Allocate the following options of a current of a nodular periarteritis: favorable (high-quality), slowly progressing, recuring, quickly progressing and acute, or fulminant.
The high-quality current is observed at patients with a skin nodular periarteritis without viscerites. A recurrence of a skin vasculitis with remissions to 3-5 years is possible. Patients somatic and socially sokhranna.
Slowly progressing current of a nodular periarteritis is observed at a half of patients with trombangitichesky option of a nodular periarteritis. At them the residual phenomena of peripheral neuritis and disturbance of blood circulation in extremities prevail for a number of years. At an uncomplicated current duration of a disease makes up to 10 years and more.
The recurrent current is followed by aggravations at cancellation of glucocorticoids and tsitostatik or decrease in their dose, at an intercurrent infection, a medicinal allergy, cooling. Emergence of new organ defeats worsens the forecast.
Quickly progressing current is observed at severe damage of kidneys with malignant arterial hypertension.
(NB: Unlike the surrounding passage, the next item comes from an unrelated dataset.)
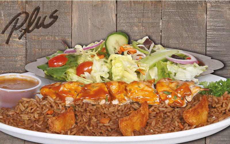 SERVIE AVEC RIZ BRUN, SAUCE B.B.Q. ET SALADE DU CHEF

The forecast of a nodular periarteritis is defined by vascular complications.
Acute, or fulminant, forms with life expectancy of 5-12 months are observed rather seldom. Damage of kidneys with development of a chronic renal failure, heavy arterial hypertension, cerebral frustration, heart failure, perforation of ulcers and fibrinferments of mezenterialny arteries are a cause of death.
Reasons of the Nodular periarteritis:
The etiology is finally not found out. The virus nature of a disease, in particular, a hepatitis B virus role (in blood of patients HBsAg and antibodies to it as a part of the CEC are found) is discussed.
The contributing factors - the postponed infections, intoxications, introduction of vaccines, serums, drug intake, overcooling, insolation.
The pathogeny comes down to giperergichesky reaction of an organism in response to etiological factors, autoimmune reaction antigen antibody (including to a vascular wall), to formation of cell-bound immune complexes, their adjournment in a vascular wall and to development in it an immune inflammation.
Cell-bound immune complexes activate a complement owing to what there is a direct damage of vessels and formation of hemotaksichesky substances which attract neutrophils in the defeat center.
They englobe cell-bound immune complexes, at the same time in a large number lizosomalny proteolytic enzymes which damage structures of a vascular wall are emitted. Development of pathological processes in a vascular wall is promoted as well that circumstance that endothelial cells have receptors for a Fc-fragment of IgG and the first fraction of a complement Clq that considerably facilitates interaction of cell-bound immune complexes with a vascular wall. The important pathogenetic point is also ability of neutrophils to stick to an endothelium and to allocate the activated oxygen radicals aggravating damage of a vessel in the presence of a complement. Besides, allocation by an endothelium of the factors promoting a blood coagulation and a thrombogenesis in the inflamed vessel amplifies.
Treatment of the Nodular periarteritis:
Treatment of a nodular periarteritis comes down to purpose of powerful antiinflammatory therapy; as a rule, use hormonal drugs on the basis of corticosteroids.